INFORMATION SUPPLIED Block Start
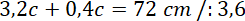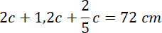 Obwód trapezu równoramiennego jest równy 72 cm. Oznacz długości ramienia jako c. Dłuższa podstawa jest o 20% większa niż ramię, ma więc długość 1,2c, a krótsza podstawa stanowi
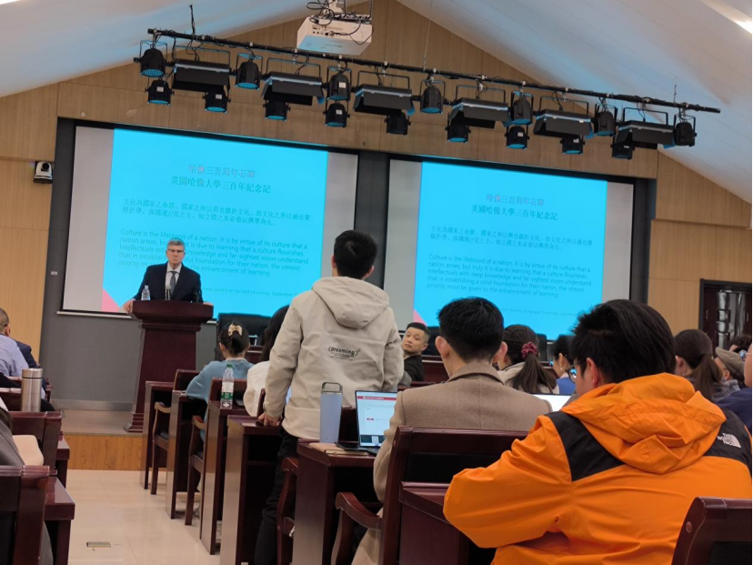 教育领域被柯伟林教授视为“中美关系的永恒主题”。他通过留美幼童、清华大学庚款办学等案例,阐释教育合作如何推动两国思想与技术的交流。其著作《顶尖大学的条件》(Empires of Ideas: Creating the Modern University from Germany to America to China)以南京大学北大楼为封面,彰显对中美学术联结的重视。柯伟林教授特别提到清华大学苏世民书院、南京大学中美文化研究中心及哈佛上海中心等跨国合作的实践,提出“教育不应该受到政治方面的影响”“教育与政治是相互分离的领域”。最后,柯伟林教授还展示了胡适在中国赠送的哈佛办学三百周年纪念石碑上关于教育事业意义的观点,进一步强调文化与学术对中美两国的意义。
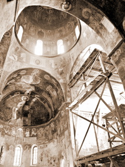 Архитектурно-археологические раскопки в Спасо-Преображенском соборе и вокруг него, проведенные в 2008-2009 гг. [ 2 ], были ограничены до минимума (их площадь составила всего 26,8 кв. м.), но они были жизненно необходимы: благодаря им был исследован вопрос о техническом состоянии фундаментов и нижних частей стен, на которых зиждется собор с его уникальной настенной живописью.
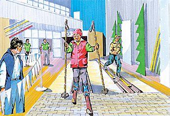 Vaakakuvana tussipiirustus hiiihtomuseon toimintaosastolta. Kuvassa etualalla sisälatu, jolla hiihtää punaliivinen tyttö sekä toista latua poika..vas.reunassa kolme katselijaa, joista etummainen liimattu kuvaan loppuvaiheessa.
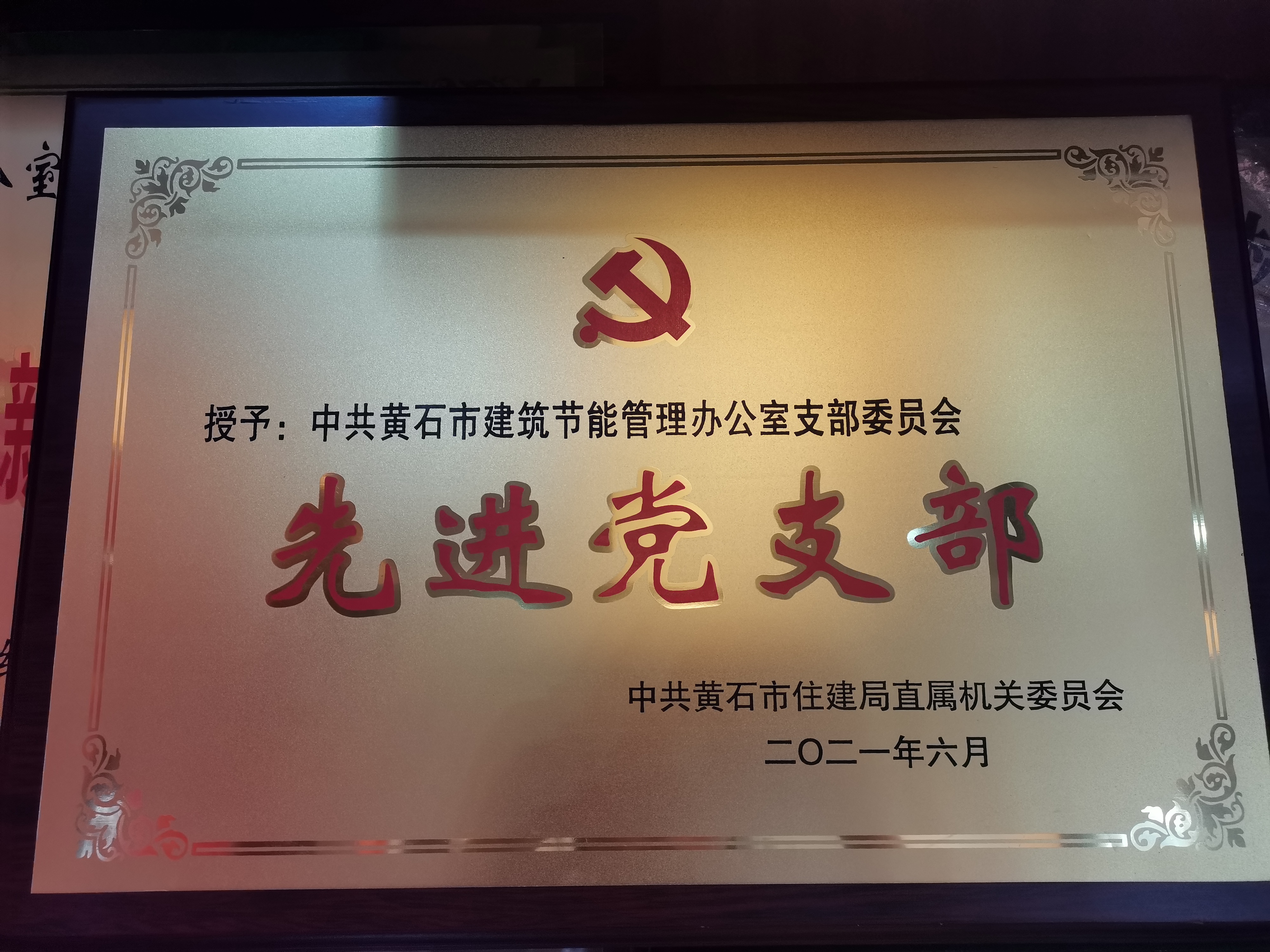 2021年6月18日下午,在市住建局“永远跟党走”庆祝建党100周年主题宣传教育活动现场,市建筑节能办党支部获得2021年度“先进党支部”的荣誉称号。
INFORMATION SUPPLIED Block End
An exact retyping of the material, minus the pictures, is the required answer.

 Obwód trapezu równoramiennego jest równy 72 cm. Oznacz długości ramienia jako c. Dłuższa podstawa jest o 20% większa niż ramię, ma więc długość 1,2c, a krótsza podstawa stanowi
 教育领域被柯伟林教授视为“中美关系的永恒主题”。他通过留美幼童、清华大学庚款办学等案例,阐释教育合作如何推动两国思想与技术的交流。其著作《顶尖大学的条件》(Empires of Ideas: Creating the Modern University from Germany to America to China)以南京大学北大楼为封面,彰显对中美学术联结的重视。柯伟林教授特别提到清华大学苏世民书院、南京大学中美文化研究中心及哈佛上海中心等跨国合作的实践,提出“教育不应该受到政治方面的影响”“教育与政治是相互分离的领域”。最后,柯伟林教授还展示了胡适在中国赠送的哈佛办学三百周年纪念石碑上关于教育事业意义的观点,进一步强调文化与学术对中美两国的意义。
 Архитектурно-археологические раскопки в Спасо-Преображенском соборе и вокруг него, проведенные в 2008-2009 гг. [ 2 ], были ограничены до минимума (их площадь составила всего 26,8 кв. м.), но они были жизненно необходимы: благодаря им был исследован вопрос о техническом состоянии фундаментов и нижних частей стен, на которых зиждется собор с его уникальной настенной живописью.
 Vaakakuvana tussipiirustus hiiihtomuseon toimintaosastolta. Kuvassa etualalla sisälatu, jolla hiihtää punaliivinen tyttö sekä toista latua poika..vas.reunassa kolme katselijaa, joista etummainen liimattu kuvaan loppuvaiheessa.
 2021年6月18日下午,在市住建局“永远跟党走”庆祝建党100周年主题宣传教育活动现场,市建筑节能办党支部获得2021年度“先进党支部”的荣誉称号。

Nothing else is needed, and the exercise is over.